BETHESDA, Md., March 7, 2013 /PRNewswire-USNewswire/ -- The Parenteral Drug Association (PDA) announced today that three high-level regulators from the United States and Europe will speak at the 2013 PDA/FDA Process Validation Workshop, May 20 – 21 at the Hyatt Regency in Bethesda. They are:
- Jeffrey Baker, Deputy Director, Office of Biotechnology, CDER, FDA
- Lina Ertle, Quality Assessor, ANSM (France)
- Patrick Swann, Deputy Director, Division of Monoclonal Antibodies, CDER, FDA
"With global regulatory expectations for process control and validation changing in recent years, PDA's members recognize the importance of engaging health authority representatives at a workshop like this," said Richard Johnson, PDA President and CEO. "PDA has a long history of providing forums for manufacturers to exchange the latest thinking with their regulatory counterparts, and it is common for representatives of health authorities from different countries to appear at our meetings to open dialogue with industry experts."

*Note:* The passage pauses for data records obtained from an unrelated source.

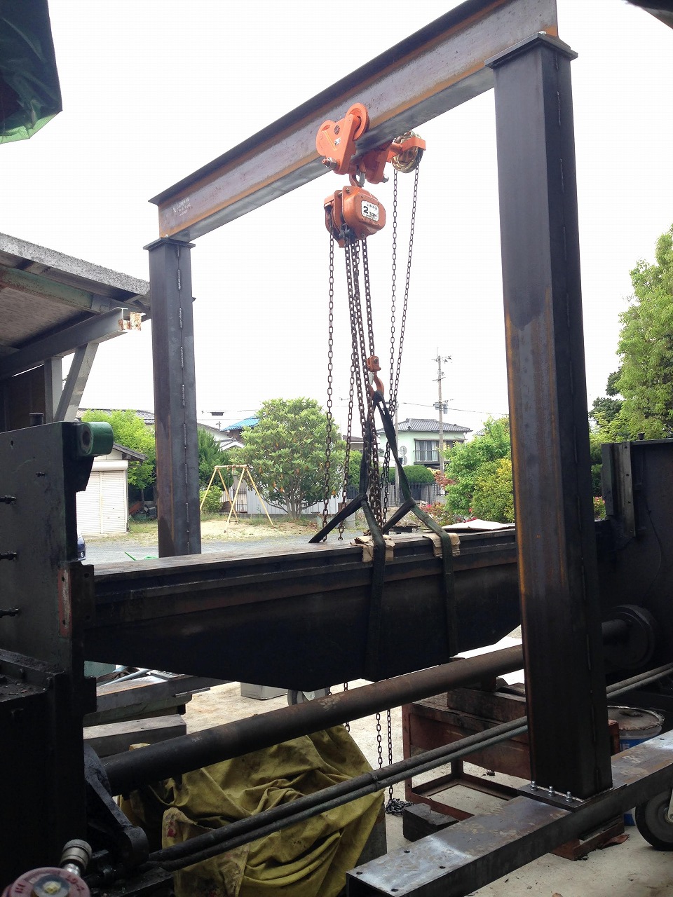 自作した簡易門型クレーンを使ってシャーリングを分解していきます。 続きを読む
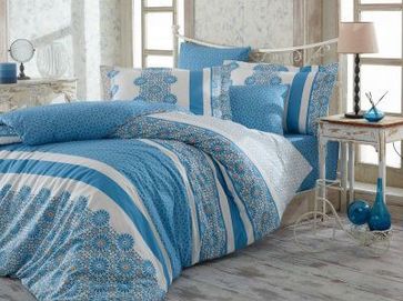 Закажите Комплект постельного белья семейное поплин "LISA", синий, 100% Хлопок у компании Meleğim-текстиль в России на портале Alloy:
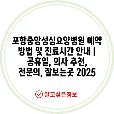 포항중앙성심요양병원 예약 방법 및 진료시간 공지 | 공휴일, 의사 추천, 전연락, 잘보는곳 2025

The workshop is intended to help industry learn about the U.S. and European regulatory perspectives on process validation. In recent years, regulators have expected manufacturers to take a life-cycle approach to process validation and utilize risk-management and statistical tools. Process validation experts from industry, representing companies like Pfizer, Baxter Healthcare, and Amgen, also will present.
More information on the workshop is available at http://www.pda.org/processval2013.
The Parenteral Drug Association (PDA) is the leading global provider of science, technology and regulatory information and education for the pharmaceutical and biopharmaceutical community. Founded in 1946 as a nonprofit organization, PDA is committed to developing scientifically sound, practical technical information and resources to advance science and regulation through the expertise of its more than 9,500 members worldwide.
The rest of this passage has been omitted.